Russia‪’‬s real war

Hend Elsayed Hani, Saturday 11 Oct 2025

The real risk of a confrontation between Russia and NATO has never been higher.

Ukrainian rescuers work among the rubble at the site of an air attack in Lapaivka, Lviv region (phot
Ukrainian rescuers work among the rubble at the site of an air attack in Lapaivka, Lviv region (photo: AFP)

 

Across Europe’s eastern flank, airspace violations, drone incursions and missile strikes are blurring the line between indirect conflict and open war. Western intelligence officials now warn that a single miscalculation — a stray drone, a downed jet, or a misread radar signal — could ignite the largest armed confrontation on the continent since 1945. A senior NATO diplomat told Politico that “if a Russian drone kills civilians inside NATO territory, the pressure to respond militarily will be enormous.” Each provocation forces the alliance closer to its mutual-defence clause and the nightmare scenario of direct war with Moscow.

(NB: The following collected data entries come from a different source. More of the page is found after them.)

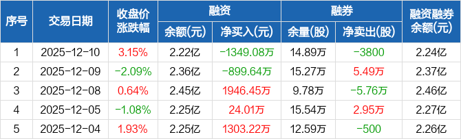 上峰水泥:融资净偿还1349.08万元,融资余额2.22亿元(12-10)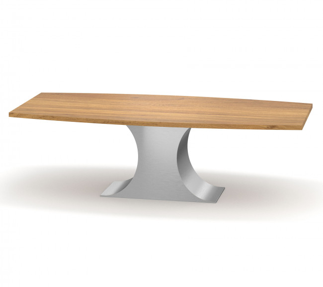 Eine wunderbare Zusammenkunft aus wohnlichem Holz und kühlem Edelstahl setzt perfekt Ihre vier Wände in Szene. Unser Esstisch Amsterdam passt sich in jede moderne Einrichtung an. Dieser mondäne Begleiter verbindet ausgewogen die Materialen Edelstahl, Stahl und Massivholz. Die Massivholzplatte des Tisches verwandelt jeden Essbereich und gibt Ihm eine natürliche Atmosphäre. Aus traditioneller Handwerkskunst entsteht somit ein einmaliges formschönes Massivholzmöbel mit einem elegant geschwungenen Tischgestell.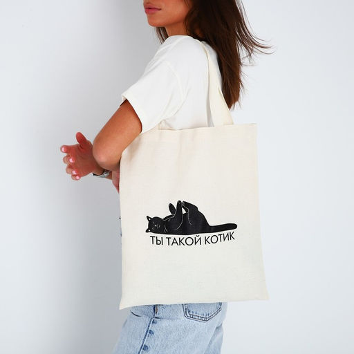 Сумка-шопер Ты такой котик без молнии, без подкладки, цвет бежевый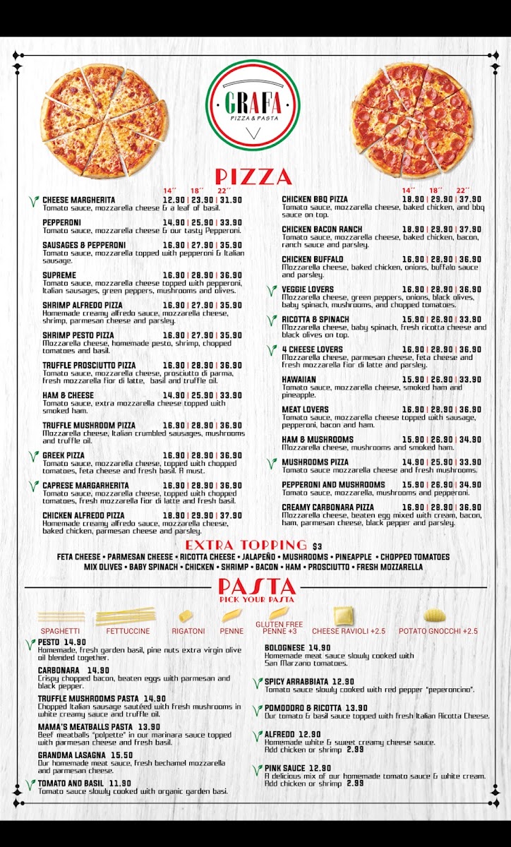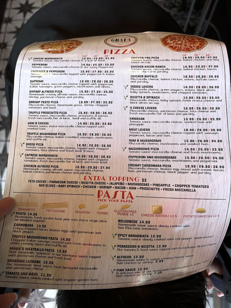 The vibrant atmosphere is perfect for families and friends, making outdoor seating a must-try. With glowing reviews from customers like Morgan and Janice, it's clear that Grafa Pizza combines delicious food with outstanding service. Whether you’re stopping in for a quick slice or savoring a full pie, each bite at Grafa Pizza promises satisfaction.

At the United Nations General Assembly last week, Russian Foreign Minister Sergey Lavrov said NATO and the European Union “have already declared a real war on my country and are directly participating in it.” Speaking during the G20 meetings in New York, Lavrov accused the US-led alliance of arming Ukraine, providing battlefield intelligence, and waging economic warfare designed to “cripple” Russia.

While insisting Moscow had “no intention” of attacking EU or NATO states, Lavrov warned that Russia would deliver a “decisive response” to any Western aggression. His words — coupled with fresh Russian airstrikes and new US weapons debates — signalled that the conflict, once confined to Ukraine, is now a Europe-wide security crisis.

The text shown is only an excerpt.